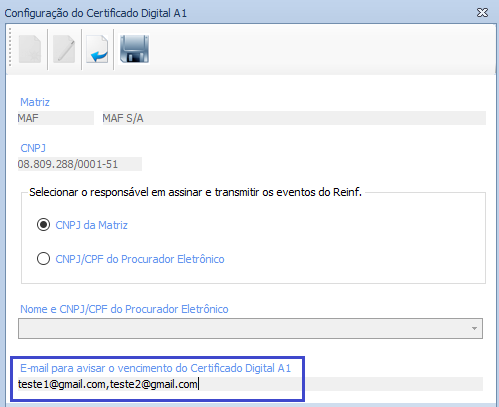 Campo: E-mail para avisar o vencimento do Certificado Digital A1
========================================================================
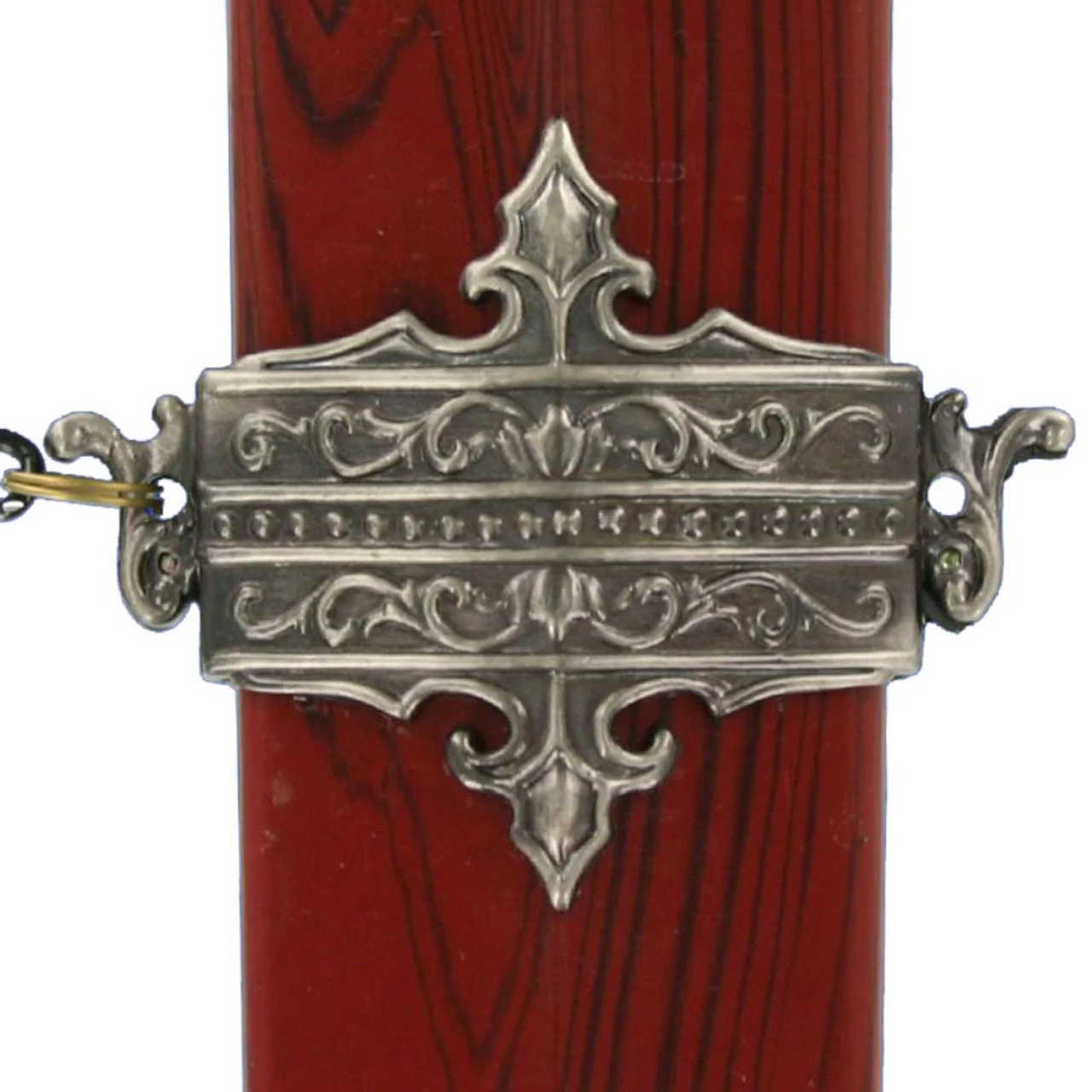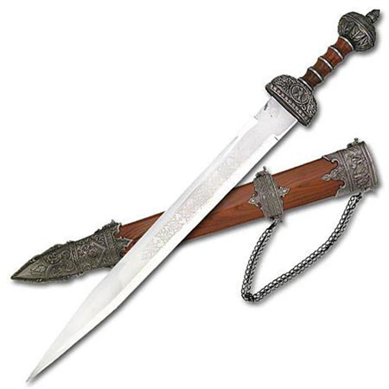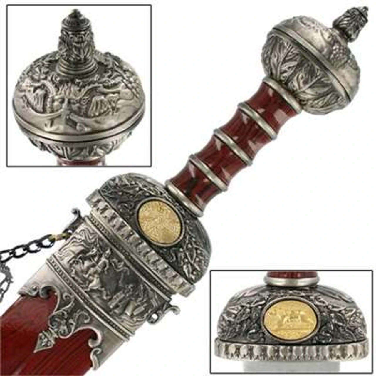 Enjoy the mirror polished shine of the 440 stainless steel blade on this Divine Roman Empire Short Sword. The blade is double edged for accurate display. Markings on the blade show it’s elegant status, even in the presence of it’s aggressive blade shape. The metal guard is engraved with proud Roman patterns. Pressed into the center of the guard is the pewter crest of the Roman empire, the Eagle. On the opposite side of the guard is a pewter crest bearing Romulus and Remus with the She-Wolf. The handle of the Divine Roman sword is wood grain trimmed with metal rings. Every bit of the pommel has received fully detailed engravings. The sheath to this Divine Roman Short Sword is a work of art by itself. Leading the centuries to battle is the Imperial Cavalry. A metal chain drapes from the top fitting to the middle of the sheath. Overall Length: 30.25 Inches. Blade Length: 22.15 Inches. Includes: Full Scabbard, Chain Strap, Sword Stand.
========================================================================
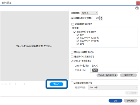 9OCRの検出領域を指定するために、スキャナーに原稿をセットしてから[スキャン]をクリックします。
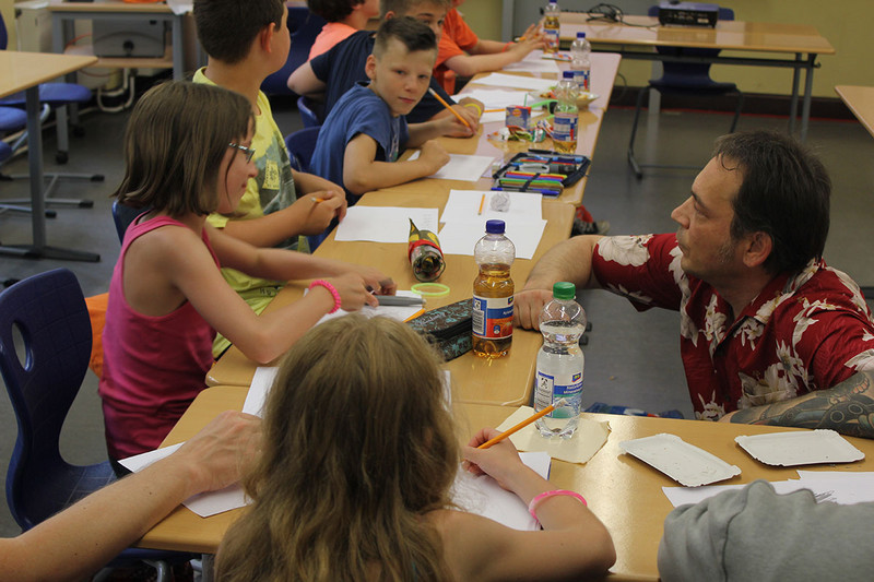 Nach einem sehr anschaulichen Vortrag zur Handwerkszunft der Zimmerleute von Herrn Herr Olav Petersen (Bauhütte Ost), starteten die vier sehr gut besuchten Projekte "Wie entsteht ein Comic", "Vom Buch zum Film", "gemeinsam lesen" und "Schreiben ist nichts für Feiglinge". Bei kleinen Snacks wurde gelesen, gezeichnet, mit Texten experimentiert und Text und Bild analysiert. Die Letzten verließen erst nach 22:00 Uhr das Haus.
========================================================================
About this task:
Above are the records. Copy only the lines from the one with "9OCRの検出領域を指定する" through the one with "Nach einem sehr", exactly, with no pictures.

Result of this task:
 9OCRの検出領域を指定するために、スキャナーに原稿をセットしてから[スキャン]をクリックします。
 Nach einem sehr anschaulichen Vortrag zur Handwerkszunft der Zimmerleute von Herrn Herr Olav Petersen (Bauhütte Ost), starteten die vier sehr gut besuchten Projekte "Wie entsteht ein Comic", "Vom Buch zum Film", "gemeinsam lesen" und "Schreiben ist nichts für Feiglinge". Bei kleinen Snacks wurde gelesen, gezeichnet, mit Texten experimentiert und Text und Bild analysiert. Die Letzten verließen erst nach 22:00 Uhr das Haus.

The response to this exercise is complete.